**** Supplied records ****

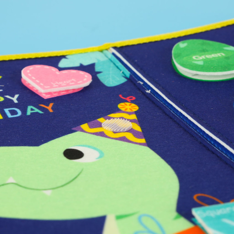 Po složení vypadá jako retro batůžek s úchyty a držadlem. Po rozložení připomíná knihu s různými aktivitami: zipy, tkaničky, přezky, karabiny a prvky na suchý zip. Děti se tak učí zavazovat tkaničky, zapínat zipy a poznávat tvary, barvy i čísla. Některé části jsou označeny anglicky – ideální pro první seznámení s cizím jazykem.
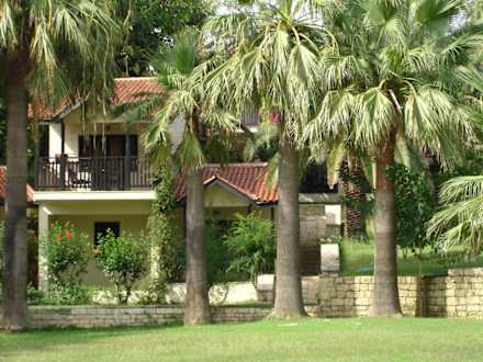Bungalows, umgeben von blühenden Büschen und Palmen
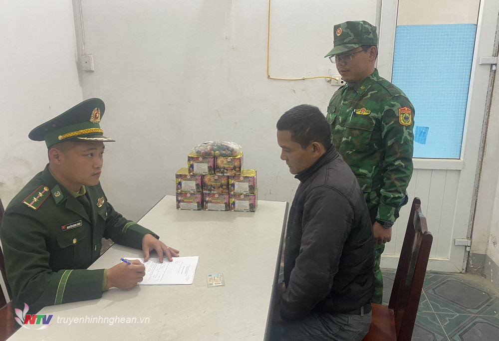 Theo đó, vào khoảng 20 giờ 30 phút ngày 3/1, phòng Phòng chống ma tuý và tội phạm (BĐBP Nghệ An) phối hợp với Đồn Biên phòng Keng Đu phát hiện, bắt quả tang đối tượng Phùng Văn Linh, sinh năm 1987, quê quán xã Thanh Tường, huyện Thanh Chương, tỉnh Nghệ An, trú quán tại Bản Keng Đu, xã Keng Đu, huyện Kỳ Sơn, tỉnh Nghệ An đang có hành vi tàng trữ pháo nổ.
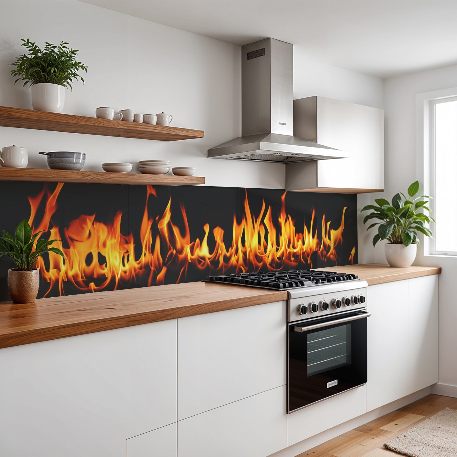 Verleihen Sie Ihrer Küche mit der Küchenrückwand Feuer Flamme von Rueckwand21 einen stilvollen und modernen Look, der Ihre Persönlichkeit widerspiegelt. Passen Sie die Rückwand genau an Ihre Küche an – einfach Maße eingeben und den gewünschten Motivausschnitt auswählen – und schon ist Ihr neues Küchendesign fertig!
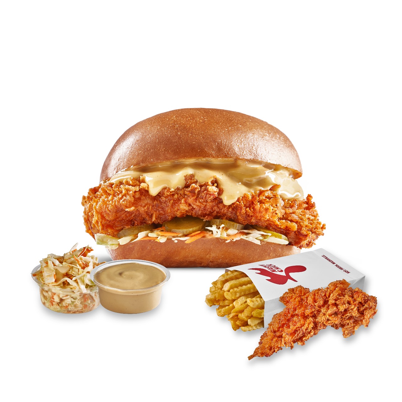 Brioche bun, Fried chicken breast, Nashy sauce, Pickles, Dry coleslaw
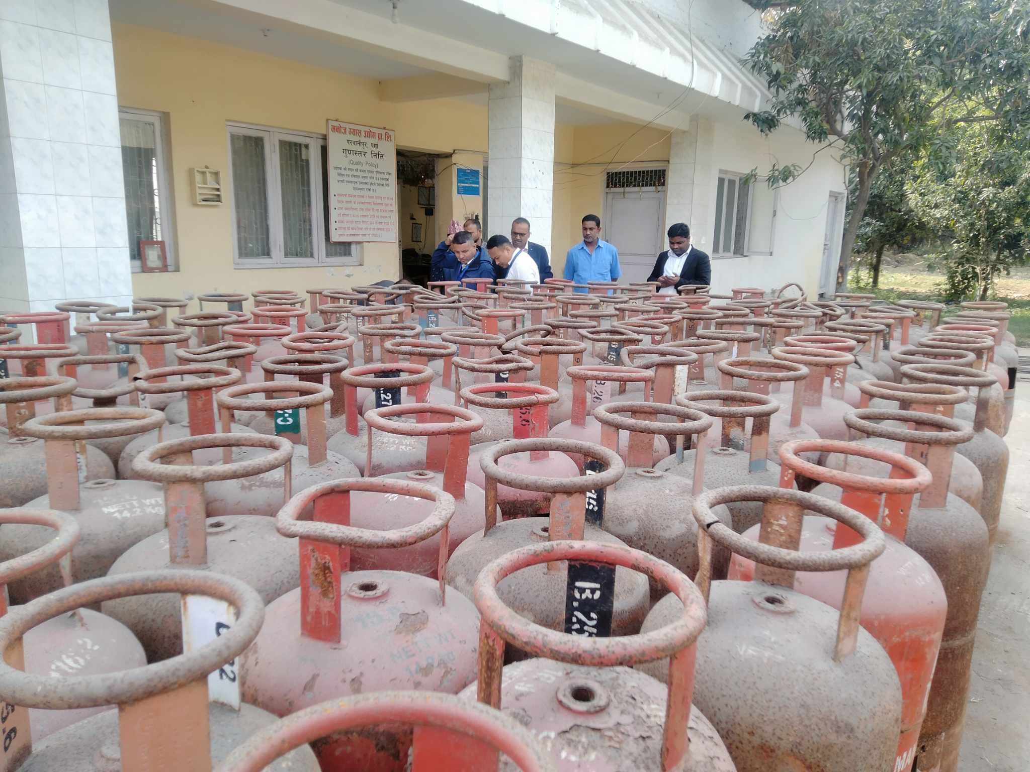 मनोज ग्यासद्वारा म्याद गुज्रिएका हजार ग्यास सिलिन्डर नष्ट गर्दै

****

Once the pictures are set aside, copy the remaining text of every entry exactly.

 Po složení vypadá jako retro batůžek s úchyty a držadlem. Po rozložení připomíná knihu s různými aktivitami: zipy, tkaničky, přezky, karabiny a prvky na suchý zip. Děti se tak učí zavazovat tkaničky, zapínat zipy a poznávat tvary, barvy i čísla. Některé části jsou označeny anglicky – ideální pro první seznámení s cizím jazykem.
Bungalows, umgeben von blühenden Büschen und Palmen
 Theo đó, vào khoảng 20 giờ 30 phút ngày 3/1, phòng Phòng chống ma tuý và tội phạm (BĐBP Nghệ An) phối hợp với Đồn Biên phòng Keng Đu phát hiện, bắt quả tang đối tượng Phùng Văn Linh, sinh năm 1987, quê quán xã Thanh Tường, huyện Thanh Chương, tỉnh Nghệ An, trú quán tại Bản Keng Đu, xã Keng Đu, huyện Kỳ Sơn, tỉnh Nghệ An đang có hành vi tàng trữ pháo nổ.
 Verleihen Sie Ihrer Küche mit der Küchenrückwand Feuer Flamme von Rueckwand21 einen stilvollen und modernen Look, der Ihre Persönlichkeit widerspiegelt. Passen Sie die Rückwand genau an Ihre Küche an – einfach Maße eingeben und den gewünschten Motivausschnitt auswählen – und schon ist Ihr neues Küchendesign fertig!
 Brioche bun, Fried chicken breast, Nashy sauce, Pickles, Dry coleslaw
 मनोज ग्यासद्वारा म्याद गुज्रिएका हजार ग्यास सिलिन्डर नष्ट गर्दै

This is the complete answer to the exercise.